Strength Training Changes Where the Weight Goes

A caloric surplus without exercise will add weight, but a larger share of it will be fat. When untrained men combined a calorie surplus with eight weeks of resistance training, they gained fat-free mass without adding body fat, meaning the extra calories went entirely toward building lean tissue. Without that training stimulus, the same surplus stores more of its energy as fat. Even a basic program hitting each major muscle group two to three times per week is enough to shift the ratio dramatically in favor of muscle.

What Happens If You Overdo It

Gaining too fast carries real metabolic costs. Research on healthy adults given excess calories found that just one week of overeating caused a 22 percent rise in fasting insulin, a 30 percent increase in triglycerides, and a 5 percent bump in blood sugar. Some of those changes partially reversed over the following weeks, but fasting glucose, insulin, and cholesterol remained elevated even after three weeks of continued overeating. This is why a moderate surplus of 350 to 500 calories beats an aggressive 1,000-plus calorie approach for most people. Gaining 1 to 2 pounds per week keeps your metabolism on stable footing while still producing visible progress month to month.

Calorie-Dense Foods Worth Keeping Stocked

Building a weight gain diet is easier when your kitchen is stocked with foods that pack a lot of energy into a small volume.

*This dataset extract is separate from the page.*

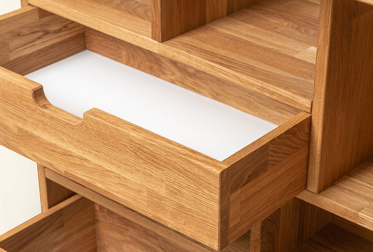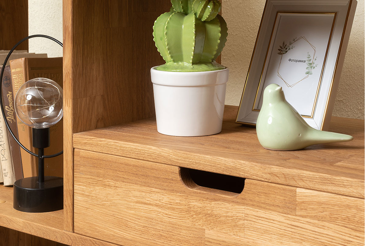 ✅ Большой нижний ящик во всю ширину стеллажа для габаритных вещей — пледов, коробов или журналов (максимальная нагрузка на выдвижной ящик 30кг).

These are consistently recommended by clinical nutrition guidelines:

  • Nuts and nut butters: almonds, walnuts, cashews, natural peanut butter
  • Cooking oils: olive, avocado, and peanut oil
  • Fatty fish: salmon, tuna, sardines, trout
  • Avocados and olives
  • Seeds: sunflower seeds, chia seeds, ground flaxseed, wheat germ
  • Dried fruit: dates, raisins, apricots, prunes, cranberries
  • Whole grains: oats, brown rice, quinoa, whole wheat pasta
  • Dairy: whole milk, Greek yogurt, cheese, cottage cheese

These foods are nutrient-dense, not just calorie-dense. They provide vitamins, minerals, fiber, and essential fatty acids alongside the extra energy. Relying on candy, chips, and fast food might hit a calorie target, but it won’t support the hormonal health, recovery, and micronutrient status that underpin real, sustainable weight gain.